Hal felt a sudden, acute awareness of the chasm between them—Lady Gemma, with her dashing, sophisticated attitude and all her experience of decadent London on one side, and himself on the other.

An impoverished younger son who was never meant to be duke, who’d spent most of his life rusticating in the country and despising every aristocrat he met.

He wasn’t a monk, by any means. He’d gone to university, after all, and nearly drowned himself in depravity before Jonathan had gotten hold of him and sorted him out. But here at home, it was rare for Hal to meet a woman who either hadn’t known him since he was in leading strings, or whose livelihood didn’t depend on him in some way. Neither circumstance made for an appealing bed partner, and besides, he’d been too focused on his goal of rebuilding the village and the estate to allow himself the indulgence. His own right hand would suffice until he had fulfilled his vows and was able to offer a woman something other than empty coffers and a manor house falling down around her ears.

In the meantime, this conversation was a perfect reminder of why Lady Gemma and her family needed to leave town as quickly as possible.

Hal was committed to his purpose, but he was no saint. If he was offered enough temptation in the form of Lady Gemma Lively’s fiery kisses and slaying looks, he would break. And if that happened…there would be no turning back.

He would be trapped. Doomed to the same sort of regret-ridden, acrimonious union that had overshadowed his own childhood, made his mother and sister-in-law wretched, and reduced his father and his brother to their worst selves.

Making his voice cold to counteract the still-coursing heat of his blood, Hal said, “You may not care what anyone in Little Kissington thinks of you, but I will have to live here long after you’ve flitted off back to London. So I would appreciate it if you could keep your kisses to yourself and leave me in peace.”

She had the temerity to shrug those lovely, smooth shoulders, as though none of this mattered to her in the slightest. “I’m sure you are right, Mr. Deveril. I have my own plans to consider—they would certainly not be helped by a dalliance with a local, however handsome. And I would hate to be the cause of damage to your reputation as a fine, upstanding, honorable barkeep.”

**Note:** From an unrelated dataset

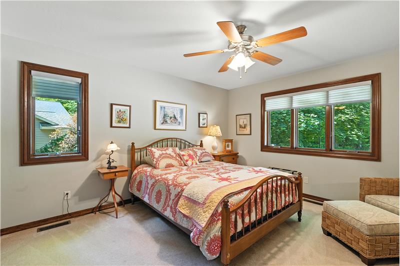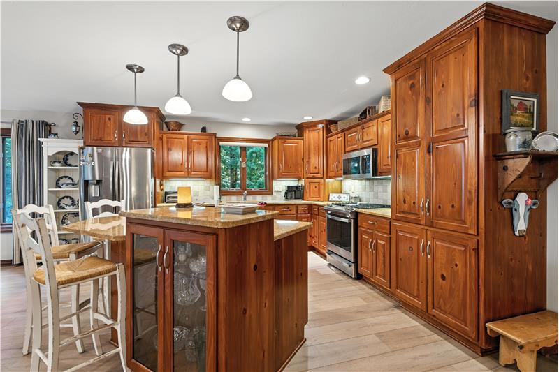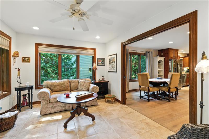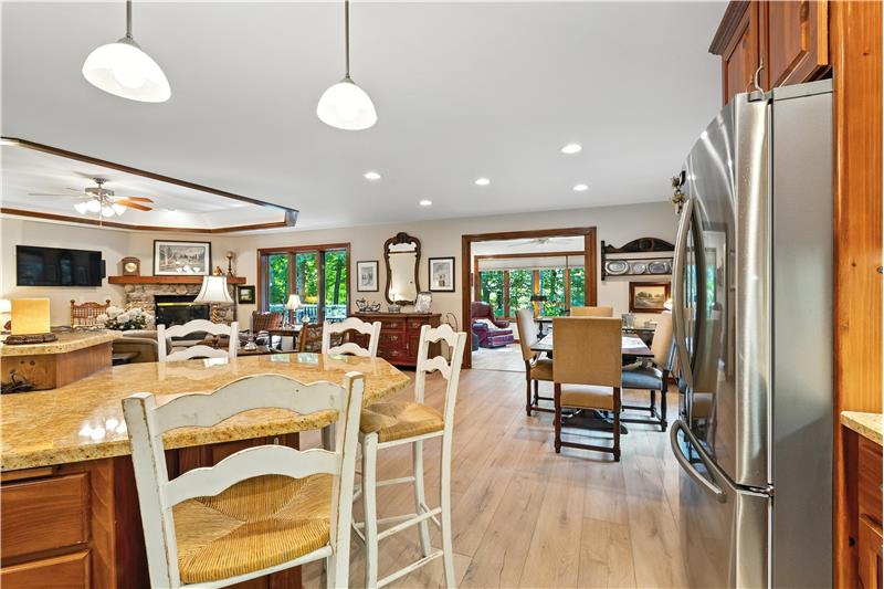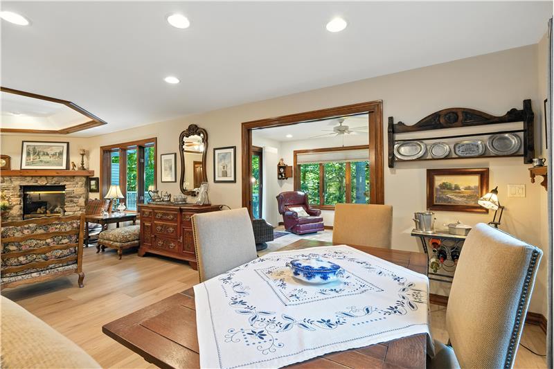Lovely year-round home or vacation getaway, just a short distance to everything you love about downtown Baileys Harbor. Desirable, single-story floorplan with fireplace and both an office and a sunroom has been recently updated with new hardwood floors and new carpet in the primary bedroom, as well as completely repainted with new kitchen appliances. The open floor plan is a dream for entertaining. More storage in the roomy garage with a new built-in closet with interior shelves and a barn-door closure. Desirable community on 40 wooded acres and an easy distance to dining, beach and more.

A chill washed through him. Hal’s grip tightened on the doorknob, and he took a moment to crack the door to ascertain that no one was in the hall to see him emerging from the room of an unwed young lady. That done, he said over his shoulder, “I’ll send your sister up to see to you, my lady. We can discuss your plans later, when you’ve had time to compose yourself. Until then, I beg you will remember that every man is entitled to his sense of honor, whatever his station in life. Indeed, I have known men of rank who couldn’t spell the word ‘honor’ much less live up to the idea. And I have known farmers, laborers, servants and more whom I would trust with my life.”

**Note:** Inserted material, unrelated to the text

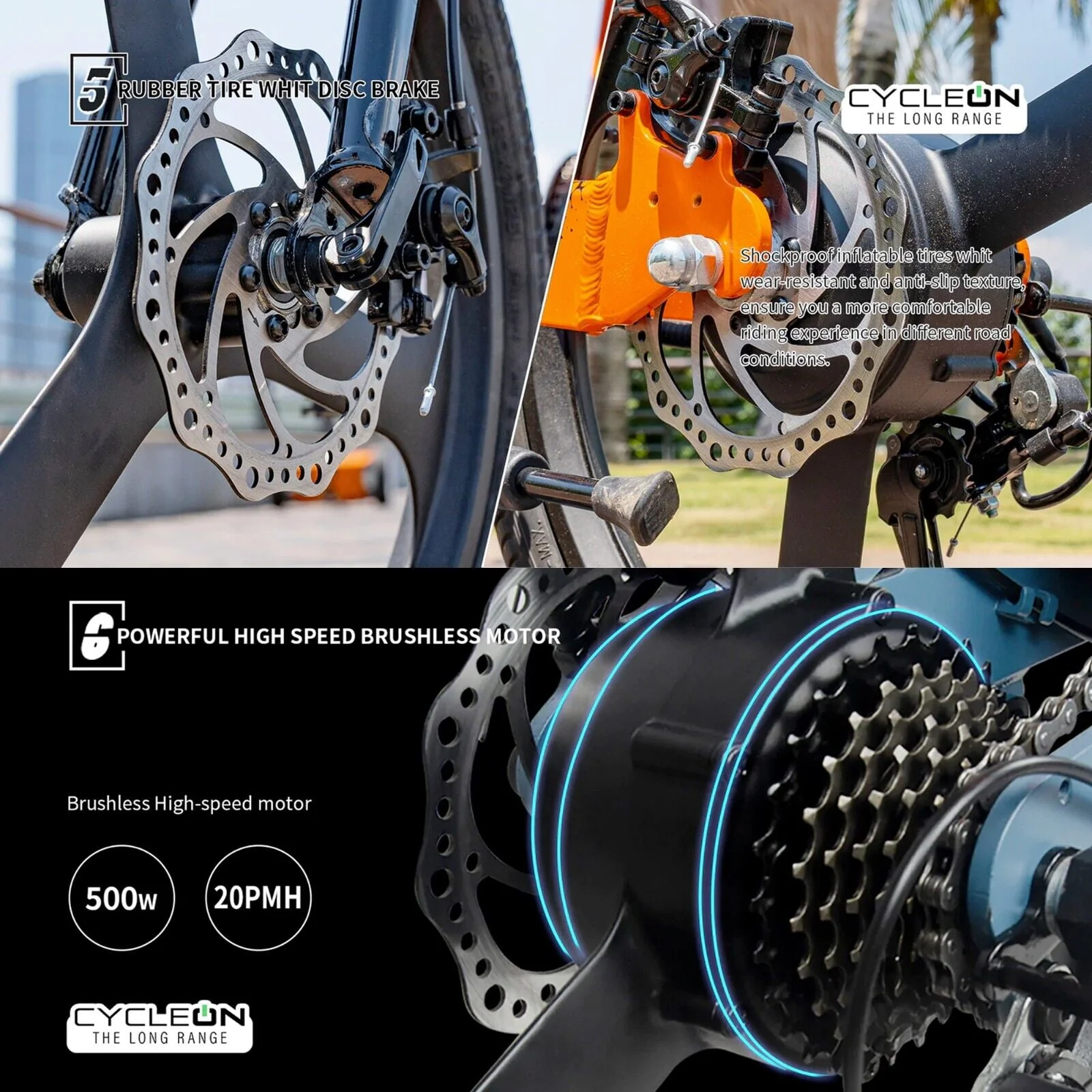 CycleOn - The Long Range 20 Foldable Electric Bicycle 7 Speed, 500W Motor, 36V Battery

He took one final glance at her, and was surprised by the downturned cast of her countenance. She almost looked sorry.

Hal shook off the notion; women like Lady Gemma were never sorry for anything they said or did to someone they considered beneath them. “Make no mistake, my lady. I have worked hard for the goodwill and respect of the people of this village. They matter to me, even if they are of no consequence to you. I will help you with your plans, because we share the same goal—getting you out of Little Kissington for good. I’ll play along…but I am no rich woman’s plaything, and the people here are not pawns or props for you to use.”

Her lips parted, as if she had something she wanted to say, but Hal found that he didn’t care to hear it. He strode from the room before she could do more than lift a hand. And as he went, he felt that chasm between them deepening with every heavy step.

Good , he told himself fiercely. She’s not for you. She’ll never be yours. You shouldn’t want her anyway.

Maybe if he told himself often enough, it would start to feel true.